В Жене ему нравилась и чистота ее мыслей, и сердечность в обращении с людьми, ее природный ум, непосредственность, свидетельствовавшая столько же о простоте, сколько и о молодости; все было хорошо, а перешагнуть через порог он не мог.


С холодами свернулись последние полевые работы, выпал снег. Барак отеплили, обсыпали землей по самые окна, обложили дерном, законопатили щели. Заготовили на зиму дров, угля, подвезли продовольствия. Ни Грибов, ни Арбузов не тревожили больше группу.

Местные жители ушли в Тубек, остались только те, кто нужен был для камеральных работ да хозяйственного обслуживания.

Барак перегородили, оборудовали «вагонку» — полки в два этажа. Жене и поварихе Федоре, которую Абаканов шутя называл женщиной из шаров разного диаметра, отвели отдельную комнату, остальные поместились вместе.

Сидячая камеральная работа, непогода, оторванность от большой жизни вскоре начали взвинчивать людям нервы, все чаще прорывались то грубые окрики, то дерзкие ответы.

Перед сном, поздним вечером, изыскатели вспоминали гражданскую войну, раскулачивание, вспоминали начало революции, войну против кайзера, колчаковщину, походы Антанты, происки американцев и японцев, — и все это в сугубо личном преломлении.

— В старом Кузнецке, — рассказывал Ипполит Аристархович, — ходила банда, грабила, для атамана тащили молодых девушек в церковь, клали их на престол, не иначе... А одну девушку распилили пилой-поперечкой, положив на козлы, как полено...

— На престол? — ужасался Коровкин-отец и крестился мелким косым крестом. — Свят... свят...

— А еще жил там знаменитый инженер Курако. Главарь и к Курако забрел однажды. Спрашивает: «Кто ты? Буржуй?» — «Нет, — отвечает, — рабочий». — «Показывай руки». Показывает. А руки у Курако, действительно, рабочие, знал я его немного. «Если рабочий, — говорит атаман, — так давай выпьем». И достает бутылку водки, наливает по стакану. Курако — раз! — и ваших нет. «Ты, я вижу, действительно, наш. Ну и живи». И ушел, не тронул Курако.
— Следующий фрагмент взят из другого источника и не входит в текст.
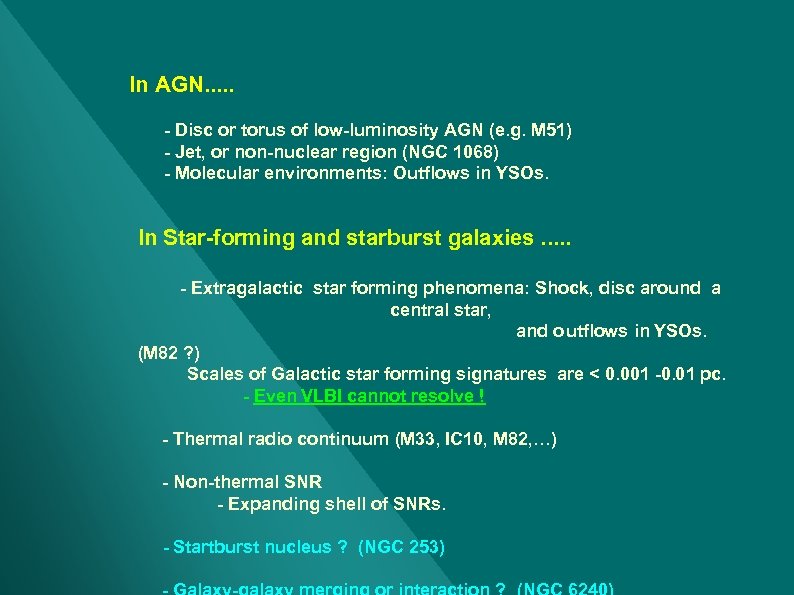In AGN. . . - Disc or torus of low-luminosity AGN (e. g. M 51) - Jet, or non-nuclear region (NGC 1068) - Molecular environments: Outflows in YSOs. In Star-forming and starburst galaxies. . . - Extragalactic star forming phenomena: Shock, disc around a central star, and outflows in YSOs. (M 82 ? ) Scales of Galactic star forming signatures are < 0. 001 -0. 01 pc. - Even VLBI cannot resolve ! - Thermal radio continuum (M 33, IC 10, M 82, …) - Non-thermal SNR - Expanding shell of SNRs. - Startburst nucleus ? (NGC 253)
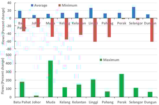 Percent change in values of the mean monthly river flows during the 2010–2100 period from those during the 1970–2000 period. The percent changes are calculated for average, minimum, and maximum mean monthly flows.
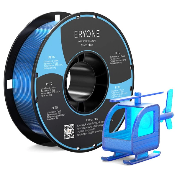 Філамент ERYONE PETG 1 кг - прозоро-блакитний
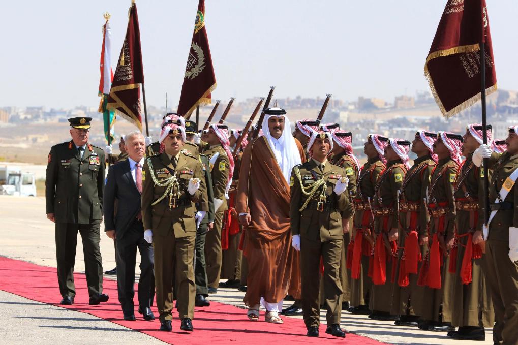 9月17日,在位于约旦首都安曼的马尔卡机场,约旦国王阿卜杜拉二世为到访的卡塔尔埃米尔(国家元首)塔米姆举行欢迎仪式。新华社发(穆罕默德·阿布·古什摄)
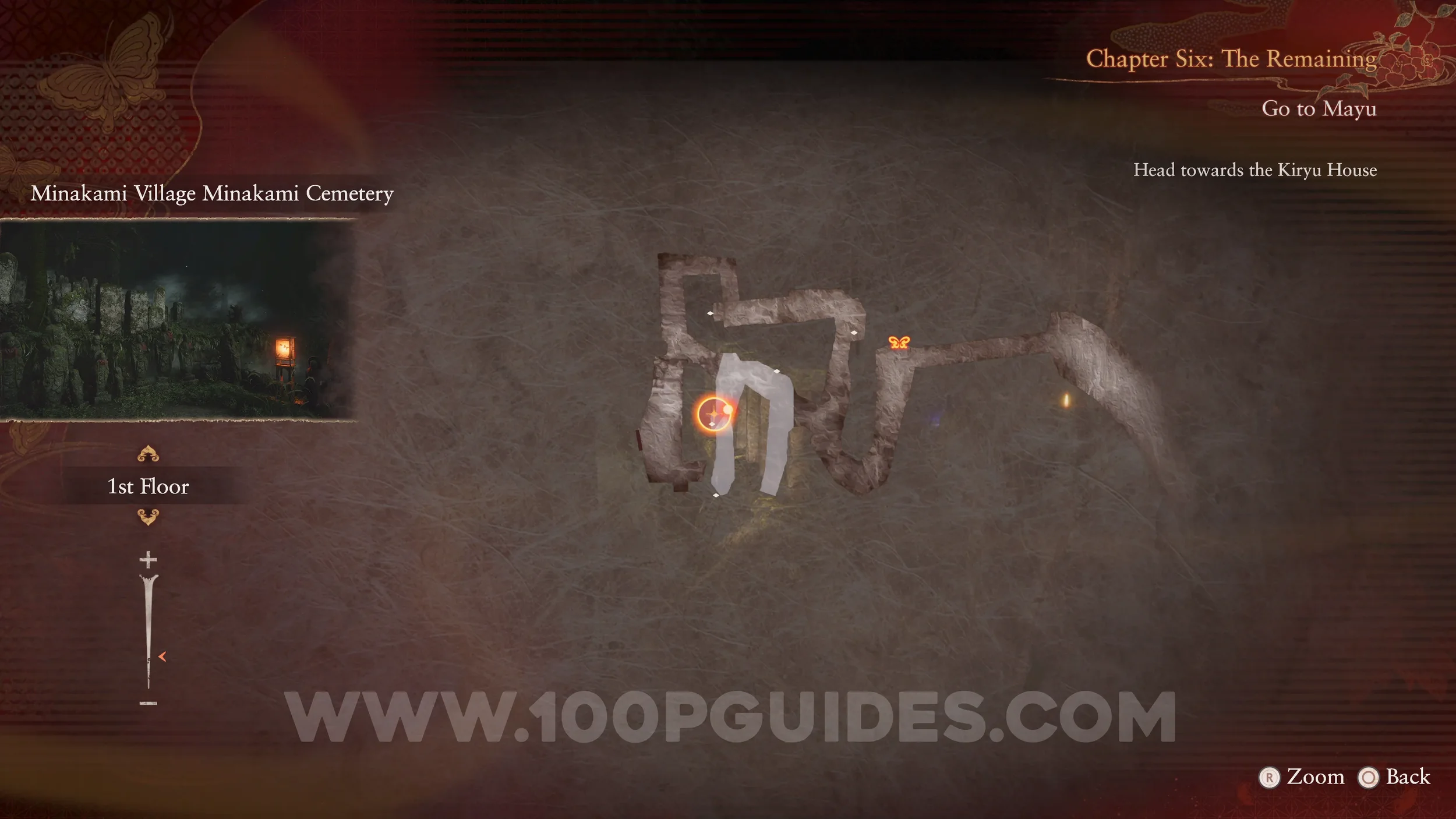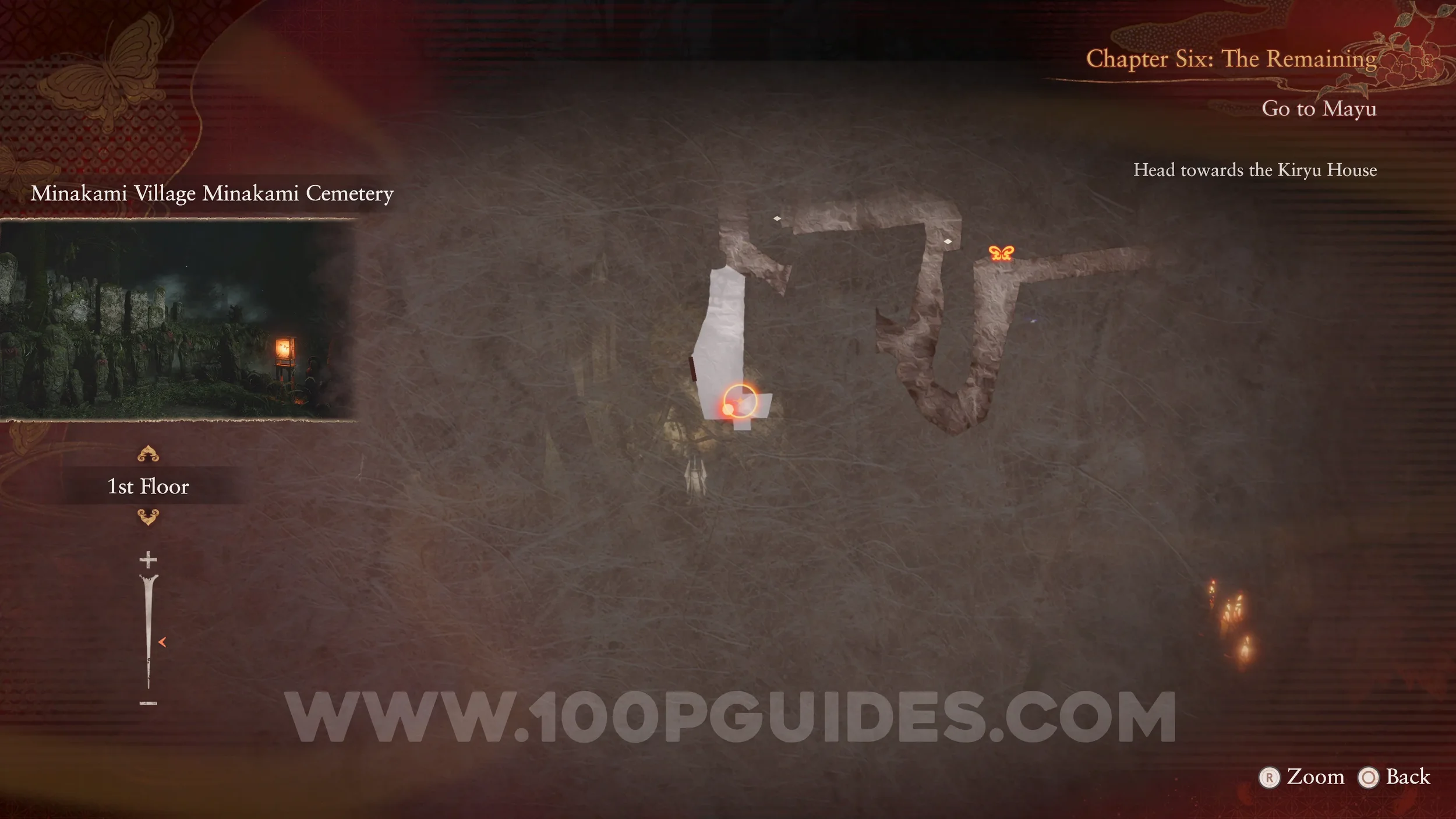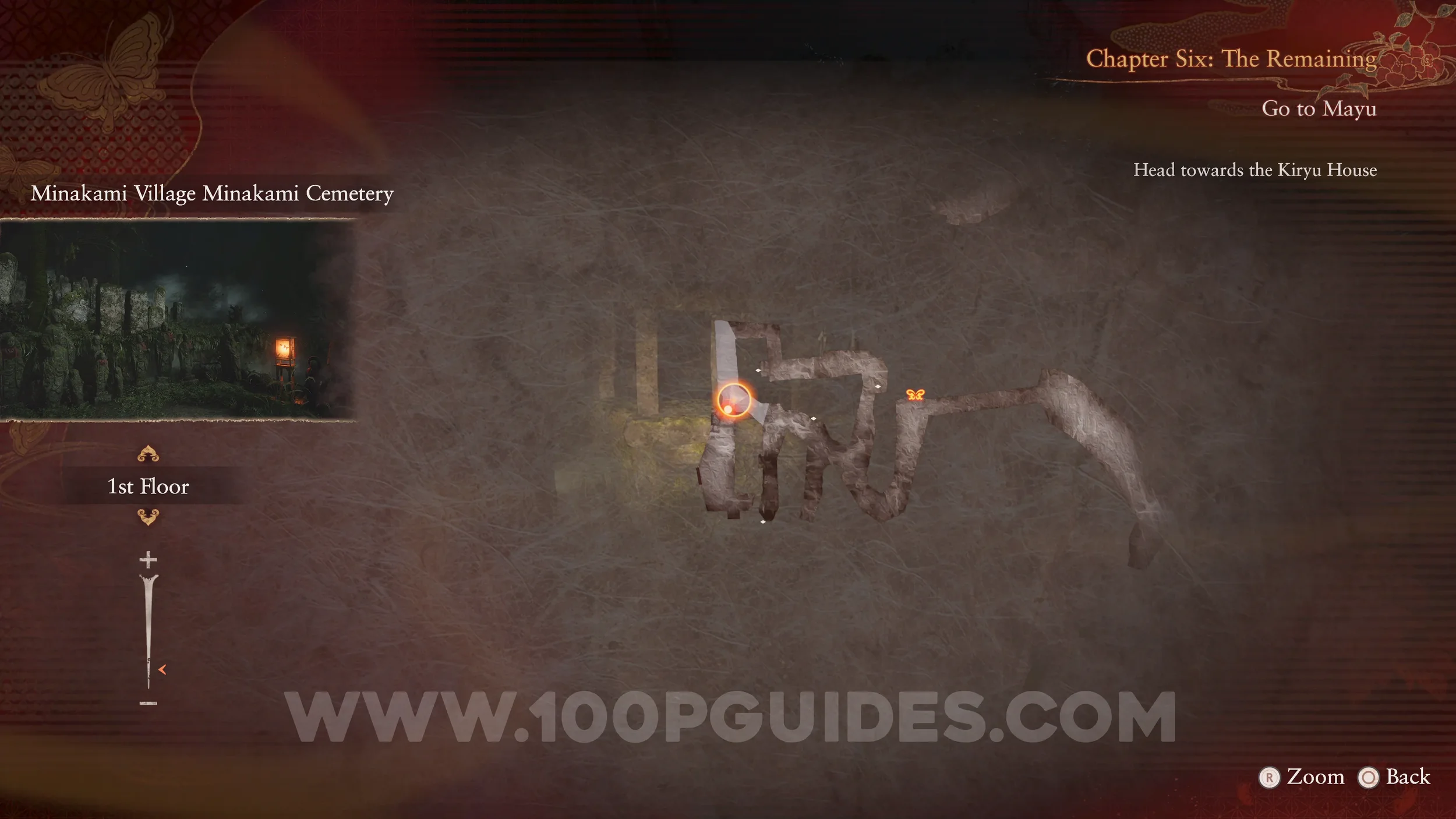 Revenant #30 - 033 Girl Playing, Document #104 - Children’s Note 7 and Spirit Stone #36 - Pale Crimson Crystal (2/2). Now go down the path to the west to find the revenant at the end. After taking the photo, pick up the document and the Spirit Stone to finish the Azami Kiryu side quest.
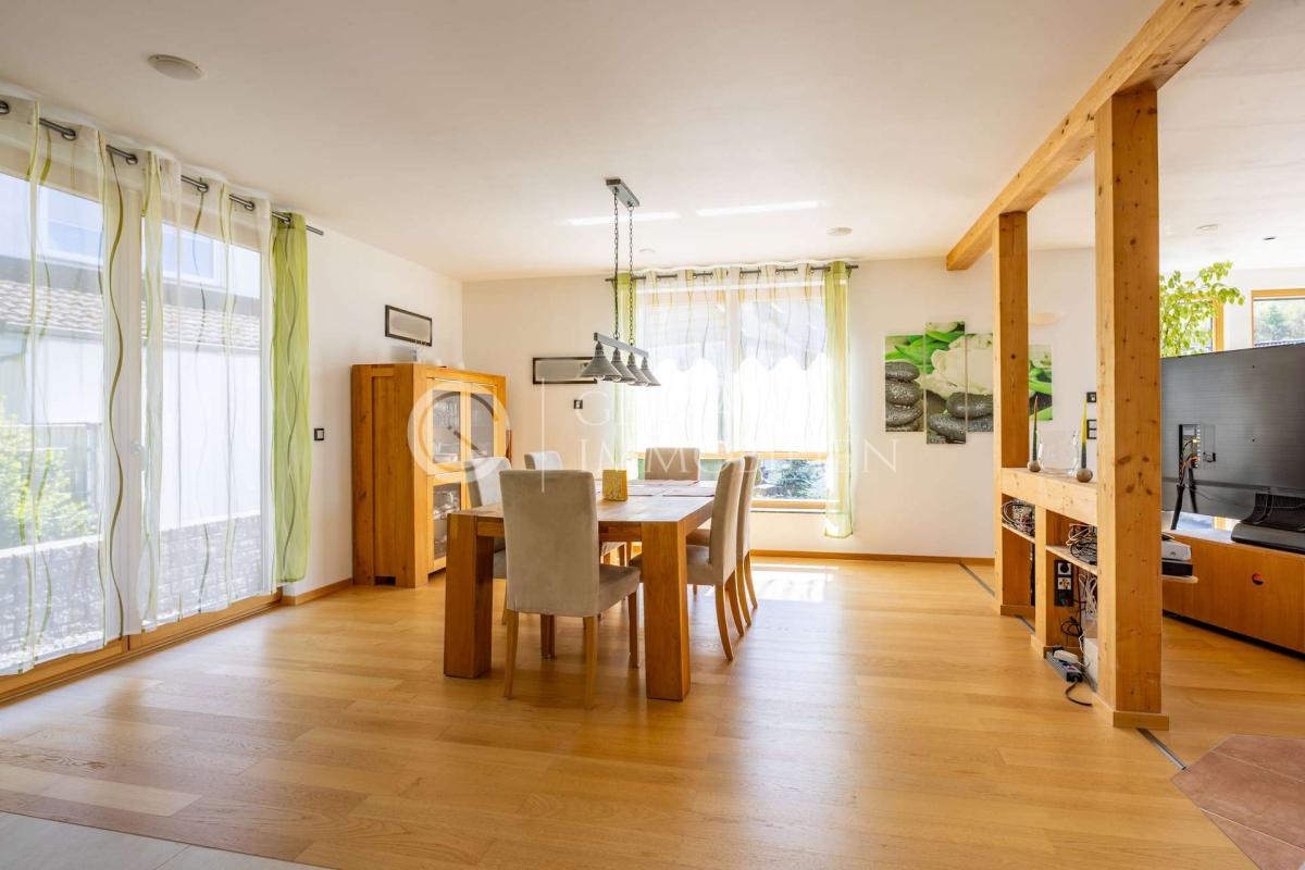 Die Ausstattung des Hauses zeigt Liebe zum Detail und einen hohen technischen Anspruch: energieeffiziente Haustechnik mit BUS-System, Fußbodenheizung, Kamin- und Pelletofen, Photovoltaik und Solarthermie, zentrale Staubsaugeranlage, Lüftungssystem, elektrisch gesteuerte Rollläden, Zisterne, Wallboxen und vieles mehr. Alles ist auf Komfort und Nachhaltigkeit ausgelegt – eine Kombination, die man selten findet.

— Разве это революция? — вторгался в разговор Журба, лежа, как на угольях. — На Украине действовала банда Махно, она также под революцию подмазывалась, только у нас никто бандита Махно иначе и не принимал, как за бандита. Так и здесь. Революция стояла за революционный порядок. И стоит. И стоять будет.

— Революция за порядок стоит... — подавал из темного угла реплику Коровкин. — А как это понять надо? — И он рассказал, что имел при колчаковщине мельницу, дом под железной крышей, двор со службами, а когда пришла советская власть, отняли у него мельницу, раскулачили.

— Пришли нас выселять. Заводят во двор телегу. Кто ж заводит? Гришка-пропойца. Говорят нам, берите самое крайнее и — айда! Варвара, жена, рвет на себе волосы, дочки тоже. «Никуда, — говорят, — не поедем, своими руками каждая травинка облюбована». Мы, мужики, известно, как тот камень-гладыш. А у баб сердце мягкое. Вынес я, что мог, уложил на телегу, увязал веревкой. Собралась к дому деревня. Кто посмеивается, кто слезу утирает. «Пора, — говорят, — трогай!» Лошадь пошла. Мы с Пашкой следом за телегой, только видим, нет с нами матери. — «Стой, — кричу, — хозяйку не взяли». Остановились. Пошел я в дом, нету Варвары. Туда-сюда, в погреб, в сарай. Да что такое? Взлез я на чердак, а там, вижу, будто что-то шатается... Висит моя Варвара на вожжах... За балку зацепилась...

Вызов Коровкина был принят, и сразу невидимая черта прошла между теми, кто глядел вперед, шел к большому, и теми, кто тянул назад, к власти кучки.

Разговор кончился тем, что Коровкин-отец соскочил с «вагонки», напялил на себя одежду и, скрипнув зубами, вышел во двор.

Пашка знал тяжелые отцовские думы, остро жалел погибшую мать, хотелось и ему бежать в ночь, но чуял, что большая, трудная правда была не с отцом, готовым развалить, поджечь, сломать новое, а с Журбой и Абакановым, только к правде этой лежал долгий путь.


Когда выпал большой снег, и мороз наложил наледь на стекла, случилась беда: Женя, возвращаясь с площадки, разгоряченная, наелась снегу и — слегла.

— Что с тобой, Женя? — спрашивал, наклонившись, Журба.

Молчит. Глаза большие, темные, глядят, как завороженные, и, видно, никого не узнают. Мерещится что-то, вцепится девушка пальцами в одеяло, кричит...

— В больницу, — решила группа.

Одели, укутали, и повез Журба девушку в Гаврюхино.

И как уехала она, показалось, что опустел барак, что выпорхнула из комнаты певунья-птичка.

Кончался ноябрь, а Женя не возвращалась.

В декабре получили весть, что на площадку приедет специальная комиссия из краевого центра, но пришел вызов Журбе: надо было ехать в райком.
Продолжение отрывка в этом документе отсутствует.